After every 15 min, 2 mL of solution was taken and centrifuged. The irradiation was continued up to 180 min. Photo degradation of MB was monitored by the decrease of its absorption intensity (peak at ~665 nm) with irradiation time. To understand the free radical involvement in the MB degradation, we have performed the scavenger experiments discussed below.

5.2.2.2. Hydroxyl Radical Test

In a typical experiment, a solution was prepared with 2 mM of NaOH and 5 mM of terephthalic acid (TA) in 100 mL DI water ⁸. After a few min of stirring, 6 mg catalyst was added to the solution.
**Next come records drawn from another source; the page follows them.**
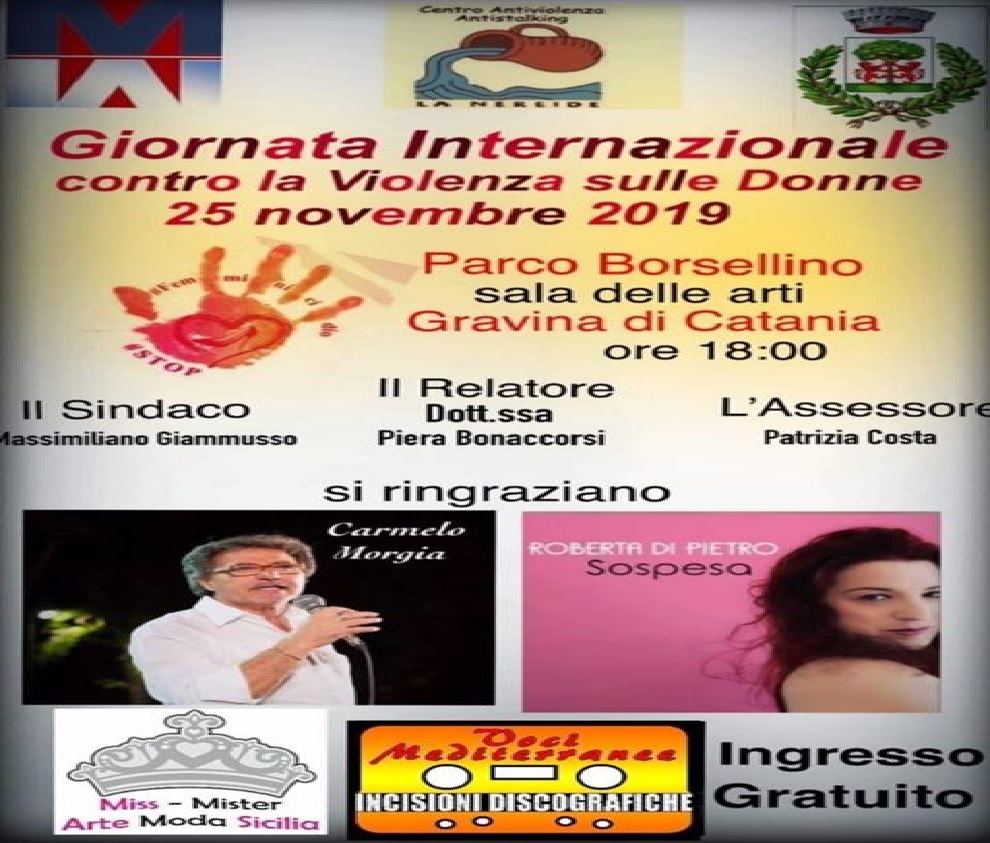 A Gravina di Catania: lunedì 25 novembre 2019, alle ore 18.00 presso la Sala delle Arti del Comune si terrà un importante evento. Nella circostanza menzionata, verrà celebrata la Giornata Internazionale contro la Violenza sulle Donne.
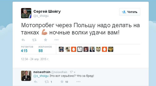 "Мотопробег через Польшу надо делать на танках. «Ночные волки» удачи вам!", – без обиняков отметил Сергей Шойгу в своем микроблоге Twitter.
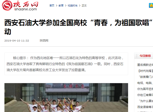 4月8日,西安交通大學(xué)在網(wǎng)絡(luò)上向西安石油大學(xué)發(fā)出拉歌邀請(qǐng)。作為西北地區(qū)唯一一所以石油石化為特色的高等學(xué)校,西安石油大學(xué)選取了具有鮮明行業(yè)特色的《我為祖國(guó)獻(xiàn)石油》一歌。在音樂(lè)系、校團(tuán)委等單位的支持下,黨委宣傳部工作人員加班加點(diǎn),完成了三校區(qū)拍攝、錄音、剪輯等一系列工作,將微視頻制作出來(lái)。西安石油大學(xué)在片尾向首都高校北京工業(yè)大學(xué)發(fā)出了拉歌邀請(qǐng)。
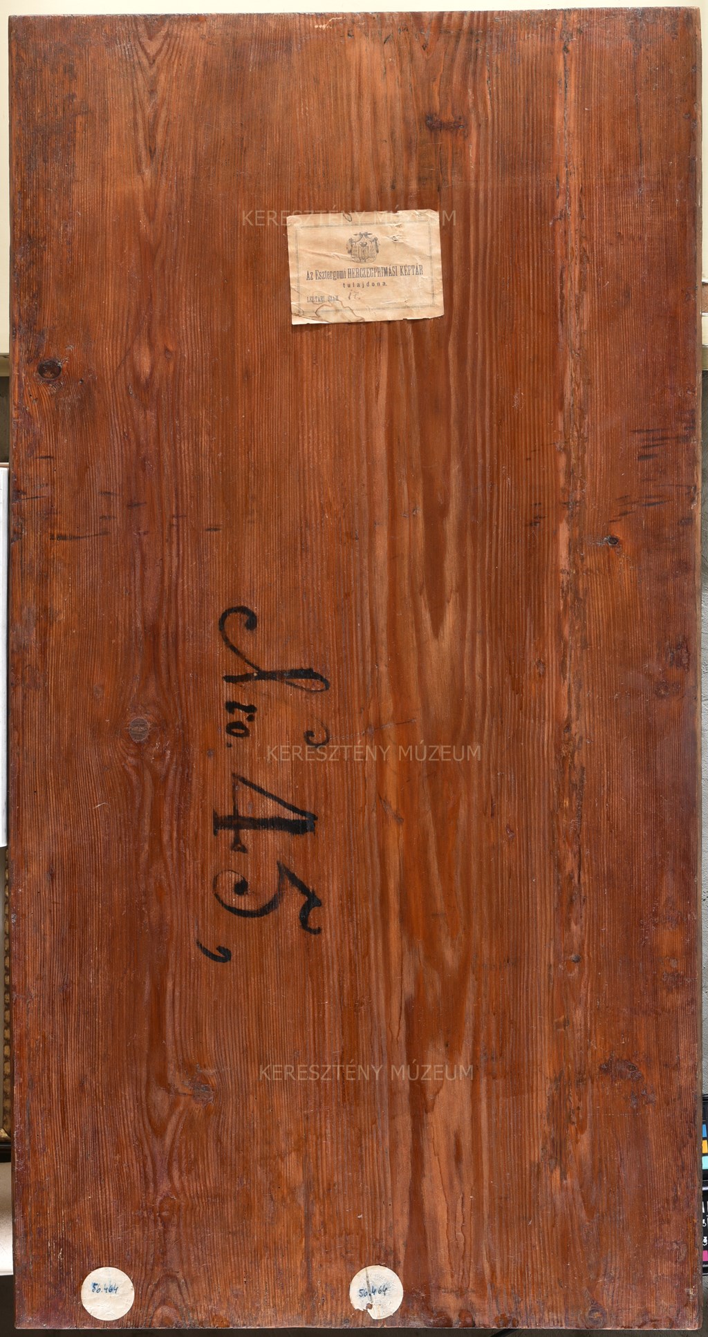 Hercegprímási Képtár 1879, 19. sz. – Magyar Sion 1885, 524, 673. – Maszlaghy 1891, 17-22 sz. – Gerevich Tibor: Az Újság 1916. július 14, 5 és július 20, 4. – Gerevich 1928, 214. – Genthon 1948, 124. – Boskovits-Mojzer-Mucsi 1964, 168-170. – Isolde Lübbecke: Zur Spätgotischen Tafelmalerei in Regensburg. In: Regensburg im Mittelalter. Beiträge zur Stadtgeschichte vom frühen Mittelalter bis zum Beginn der Neuzeit. Hg. Martin Angerer und Heinrich Wanderwitz. Regensburg 1995. 429-444. itt: 442, 97 jegyzet. (a proveniencia alapján elfogadja a regensburgi eredetet)
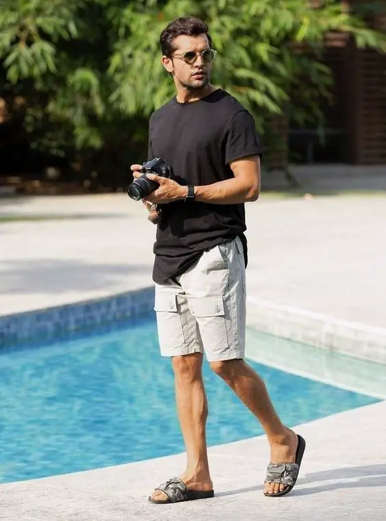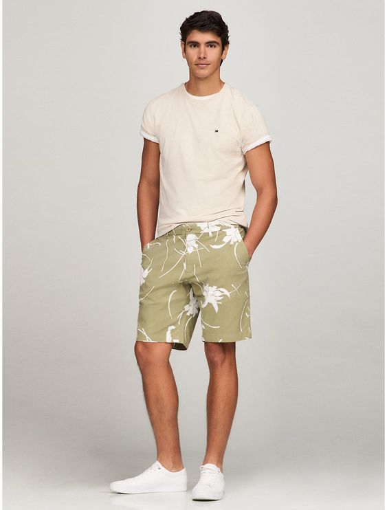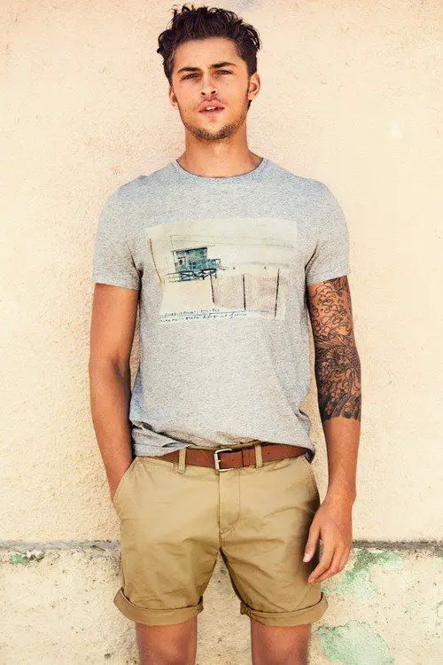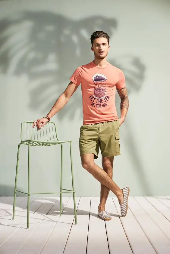 Тут модель одягнена у футболку з графічним малюнком у поєднанні з шортами кольору хакі. Поєднання класичне та легке, ідеальне для невимушеного літнього стилю.
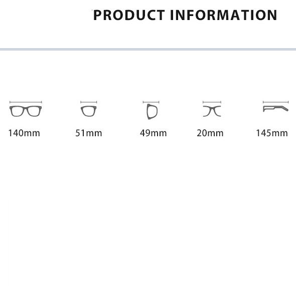 - Размер: общая ширина -140 мм, ширина линзы - 51 мм, высота линзы - 49 мм, мост - 20 мм, длина заушника - 145 мм
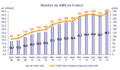(13) Le trafic trimestriel de SMS ("Short Message Service") correspond à l'ensemble des SMS envoyés (SMS sortants) sur le trimestre. Les données relatives à Saint-Pierre et Miquelon ne sont pas prises en compte. Le trafic SMS mensuel par client actif moyen correspond au trafic trimestriel de SMS divisé par 3, rapporté au parc de clients actifs moyen ((Parc de clients actifs de la fin du trimestre précédent + Parc de clients actifs de la fin du trimestre considéré)/2).
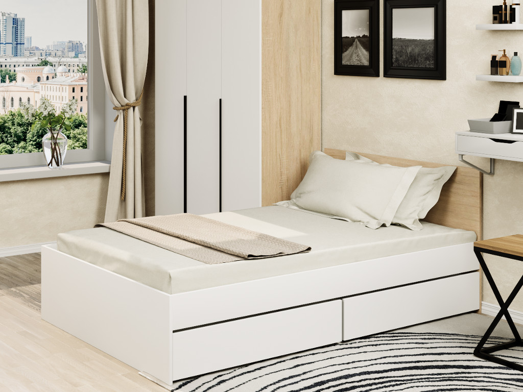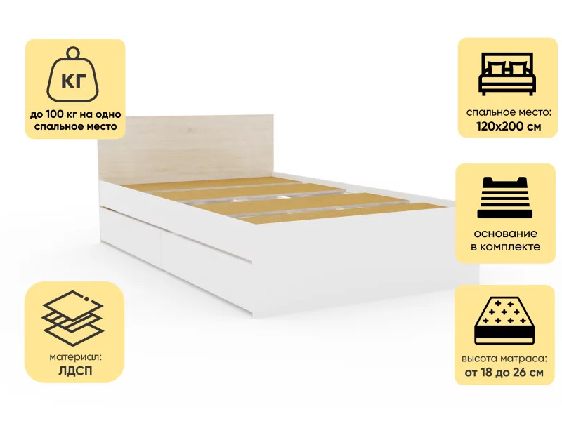 - Кровать Монблан с ящиками 120х200 см Белый Шагрень
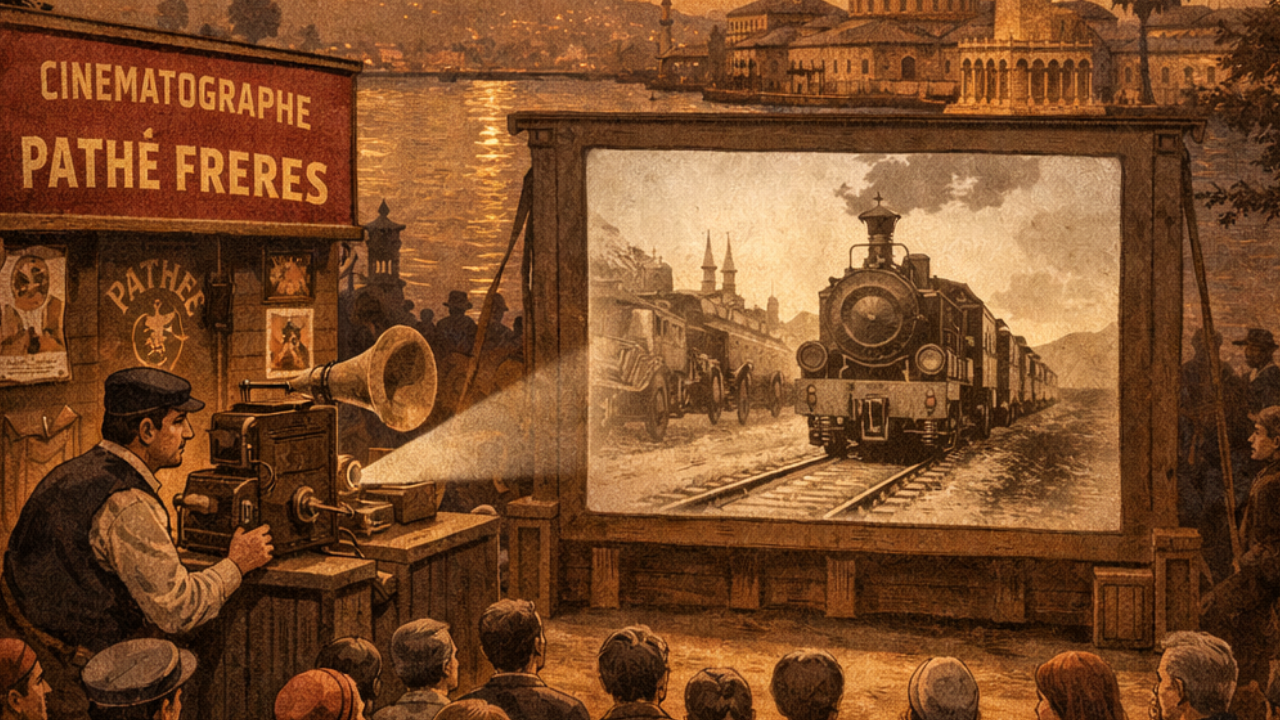 1896 yılında Fransa’da kurulan Pathé Frères, kısa süre içinde sinema filmleri üretip gösteren, taşınabilir projeksiyon ve gezici ekipmanlarıyla ünlü bir şirket hâline geldi. İzmir’de 1900’lerin başında, Pathé Frères’in gezici film ekipleri ilk gösterimlerini gerçekleştirdi. Bu gösterimler, genellikle açık alanlar, kafeler ve tiyatro salonları gibi halka açık mekanlarda yapıldı ve İzmir halkı için sinemayla tanışma fırsatı sundu.
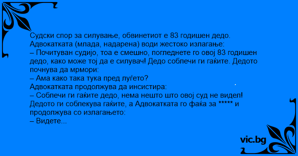 – Почитуван судијо, тоа е смешно, погледнете го овој 83 годишен дедо, како може тој да е силувач! Дедо соблечи ги гаќите. Дедото почнува да мрмори:

The irradiation time and sample collection after each step of irradiation were similar to the earlier case. After centrifugation, the solution containing the TA was taken and its PL intensity was measured. Fluorescence measurements of the sample were carried out with excitation at 312 nm using a PL spectrometer (Fluromax-4, Horiba).

5.2.2.3. Superoxide Radical Test

In this test, 10 M nitro blue tetrazolium chloride (NBT) was dissolved into 100 mL of DI water and stirred ⁹. During the stirring, 6 mg of catalyst was added and this was further stirred for 1 h. The irradiation time and sample collection after irradiation was similar to that of hydroxyl radical test. After centrifugation, the solution containing the NBT was taken and its UV-Vis absorbance was measured.

Figure 5.1: (a) Schematic illustration of the procedure for synthesis of GQD and GCN and in-situ deposition of Au NPs on nanosystem of GQD-GCN by citrate reduction method. (b) Schematic of

PC degradation measurements of MB.

The details of the sample preparation and PC experiments are schematically shown in Fig. 5.1. Fig. 5.1(a) shows the steps involved in the synthesis of GQD, GCN and Au NPs decoration on GQD-GCN. Au NPs are shown with purple ball, and GQDs are shown with blue ball over the sheet of GCN. Fig. 5.1(b) shows the schematic of steps involved in the PC degradation measurements of MB.